En effet, lundi dernier, Abdellatif Ouahbi a dévoilé devant la Chambre des représentants certaines dispositions de cet avant-projet de loi, qui sera indépendant du Code pénal. Parmi les différents aspects évoqués, dont certains sont intéressants, un en particulier a attiré mon attention.
Il s’agit d’une proposition concernant un mécanisme permettant aux personnes condamnées pour des peines inférieures à 2 années de prison de pouvoir racheter leurs jours de prison. Le tarif? Entre 100 et 2.000 dirhams la nuitée. Pardon, je m’égare, je voulais dire par jour. Car c’est à s’y méprendre fort semblable à des tarifs d’hôtel.
Si l’idée est de permettre de désengorger les prisons en se délestant des prisonniers, jugés à priori comme non dangereux pour la collectivité, tout en se faisant un petit billet pour le Trésor au passage, alors la proposition est fort intéressante. Mais si le but est de faire triompher la justice et l’égalité pour tous les citoyens, dans ce cas, c’est raté.
Car premièrement, ce mécanisme risque d’instaurer une hiérarchisation socio-économique face à la loi. Puisque si vous êtes suffisamment riche, certaines lois du Code pénal ne vous concernent désormais plus. Vous êtes condamnés à un 1 an ou 2 ans de prison? Rien de dramatique, il suffit de sortir le chéquier. Vous êtes pauvres? Et bien, tant pis pour vous. Comme disait le personnage de Don Salluste interprété par Louis de Funès dans la Folie des grandeurs: «Les riches c’est fait pour être très riches, et les pauvres très pauvres».
Le fait est qu’il en va de la crédibilité de la loi, du système judiciaire marocain et de l’égalité des citoyens face à l’Etat de droit.
Imaginez un instant que vous soyez victime d’un délit à caractère financier ou commercial. En plus d’être lésé économiquement, vous êtes amené à prendre en charge les frais d’un avocat pour défendre votre cause, faire des allers-retours au tribunal pendant des semaines, voire des mois, pour espérer obtenir une condamnation de l’escroc qui vous a nui injustement. Vous finissez contre vents et marées par obtenir une condamnation, mais le lendemain, vous le revoyez siroter tranquillement son thé à la menthe dans le café du coin. C’est là toute la magie et la puissance que cet avant-projet de loi propose d’octroyer au chéquier.
Une sorte de chèque en blanc, pardonnez-moi le jeu de mots, accordé au plus nanti, face à un pan entier de la loi marocaine.

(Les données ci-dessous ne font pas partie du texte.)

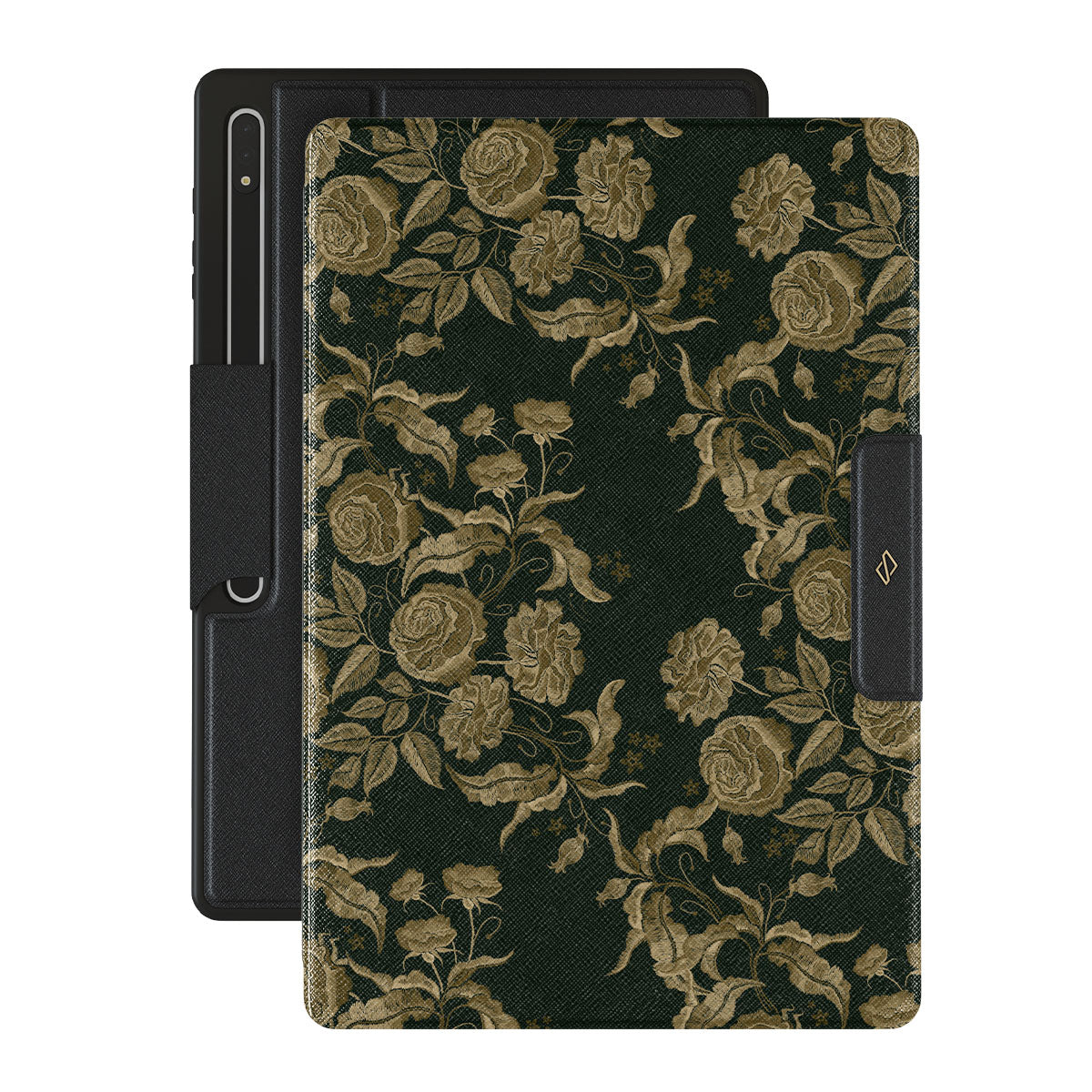 En este diseño: rosas vintage, hojas doradas, tonos verde intenso.

Il est de ce point de vue utile de rappeler que notre ministère est celui de la justice, non des «indulgences». Par «indulgences», je fais référence à ce mécanisme apostolique, qui permettait de racheter les péchés d’une personne vivante ou morte, avec des pièces sonnantes et trébuchantes. Un procédé qui fut pratiqué au XVIème siècle à une échelle quasi industrielle par l'Eglise catholique en Europe, et qui fut l’un des ferments de la réforme protestante.
De ce point de vue, cet avant-projet de loi entend d’une certaine manière rétablir le commerce des indulgences, du moins pour les peines inférieures à 2 ans de prison. Ce qui fera certainement beaucoup de bien aux caisses du Trésor, mais causera un tort peut-être irréparable à notre vrai trésor, la «justice» et l’égalité des citoyens devant la loi.
N’oublions jamais que la justice est sacrée, parce qu’elle n’est pas à vendre.